According to the results of field studies, the use of the proposed method can increase the thickness of the formation by about 3 times in comparison with the known method and will increase oil production while reducing the water cut of the produced products.

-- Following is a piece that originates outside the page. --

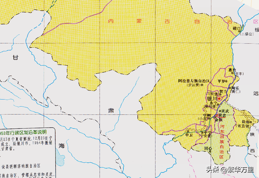 隨著寧夏回族自治區的建立,甘肅省與寧夏回族自治區之間的區劃框架,徹底穩定下來。不得不說,在西北地區,陜西、甘肅、寧夏之間的互動性非常強,很多方面的習慣也比較接近。

Table 1 The composition of the emulsion,% wt. Stability Viscosity No. Emulsifier Hydrocarbon fluid Water phase at a temperature of ° C for an hour at shear rate mark qty mark qty composition count 60 80 100 73.2 sec-1 1 prototype 3 2 1 40 2 Soncor 9601 0.2 diz. fuel 26 10% Hcl ing. rest 4 3 2 120 3 Soncor 9601 0.4 diz. fuel 26 10% Hcl ing. rest 10 6 4 160 4 Soncor 9601 1 diz. fuel 26 10% Hcl ing. rest 12 8 6 200 5 Soncor 9601 2 diz. fuel 28 10% Hcl ing. rest twenty 12 8 243 6 Soncor 9601 5 diz. fuel 26 10% clay acid. rest 32 17 14 900 7 Soncor 9601 10 diz. fuel 26 10% Hcl ing. rest stab. stab. 40 1100 8 Soncor 9601 2 light oil 28 10% clay acid. rest 21 thirteen nine 260 nine Soncor 9601 2 ShFLU 28 10% clay acid. rest twenty 12 8 240 10 Soncor 9601 1 diz. fuel 29th 2% CaCl ₂ rest 24 8 6 180 eleven Soncor 9601 2 diz. fuel 28 2% CaCl ₂ rest thirty fifteen 8 265 12 Soncor 9601 2 diz. fuel 40 5% NaCl rest 26 12 6 190 thirteen Soncor 9601 2 light oil 40 5% NaCl rest 27 14 7 230

The composition of the emulsion,% wt. Stability Viscosity No. Emulsifier Hydrocarbon fluid Water phase at a temperature of ° C for an hour at speed mark qty mark count composition qty 60 80 100 shear 73.2 sec-1 14 Soncor-9701 1 diz. fuel 40 10% HCl ing. rest 12 8 6 210 fifteen Soncor 2 diz. 28 10% rest 16 12 nine 455 9701 fuel clay acid. 16 Soncor 2 light 26 1% CaCl ₂ rest 35 twenty 10 280 9701 oil 17 Soncor 2 light 40 2% NaCl rest thirty eighteen 8 270 9701 oil eighteen Emultal 2 diz. 38 10% HCl rest twenty fifteen 7 190 fuel Ing. 19 Neftenol-NZ 2 diz. fuel 28 10% CaCl ₂ rest 32 eighteen 6 670

table 2 №№ Emulsifier brand Emulsifier concentration,
% Interfacial tension at the border with a solution of 2% CaCl ₂ , mn / m Interfacial tension at the border with 10% Hcl, mn / m 1 Prototype emulsifier 1 17 14 2 Prototype emulsifier 2 fifteen 12 3 Prototype emulsifier 5 12 10 4 Soncor 9601 0.02 16 5 5 Soncor 9601 0.04 8 2 6 Soncor 9601 0.12 2 1 7 Soncor-9701 0.02 14 4 8 Soncor-9701 0.04 7 1,5 nine Soncor-9701 0.12 1 0.5

Table 3 №№ Composition No. from table 1 The permeability of the core, microns ² State of emulsion at core exit 1 2 3 stub emulsion 2 3 1 stub emulsion 3 4 1 stub emulsion 4 5 0.5 stub emulsion 5 6 0.2 stub emulsion 6 7 0.2 stub emulsion 7 8 0.2 stub emulsion 8 nine 0.5 stub emulsion nine 10 3.0 stub emulsion 10 eleven 3.0 stub emulsion eleven 12 3.0 stub emulsion 12 thirteen 3.0 stub emulsion thirteen 14 3.0 stub emulsion 14 fifteen 0.5 stub emulsion fifteen 16 3 stub emulsion 16 17 3 stub emulsion 17 5 0.05 The emulsion is stratified into 2 phases eighteen eighteen 4 stub emulsion 19 19 4 stub emulsion twenty prototype eighteen stub emulsion 21 prototype 14 The emulsion is stratified into 2 phases 22 prototype 10 The emulsion is stratified into 2 phases

Claims (4)

1. The method of processing the bottom-hole zone of the formation, including the injection into the formation of a reverse oil emulsion and an aqueous solution of acid, characterized in that as an inverse emulsion using an emulsion containing the following components, vol. %: Hydrocarbon Liquid 26-40 Oil Soluble Nitrogen Emulsifier Soncor-9601 or Soncor-9701 0.4-5 An aqueous solution of inhibited 10% hydrochloric acid acid or clay acid or aqueous solution 1-10% calcium chloride or sodium chloride 2. The method according to claim 1, characterized in that diesel oil, or liquid petroleum hydrocarbons of the paraffin series, or unstable gas gasoline, or light oil is used as a hydrocarbon liquid. 3. The method according to claim 1, characterized in that the inverse emulsion remains stable for 6-35 hours at a temperature of 60-100 ° C when filtered through a reservoir model with a permeability greater than or equal to 0.2 μm ² . 4. The method according to claim 1, characterized in that the injection time of the inverse emulsion during filtration into the formation should not exceed the time for maintaining the stability of the emulsion.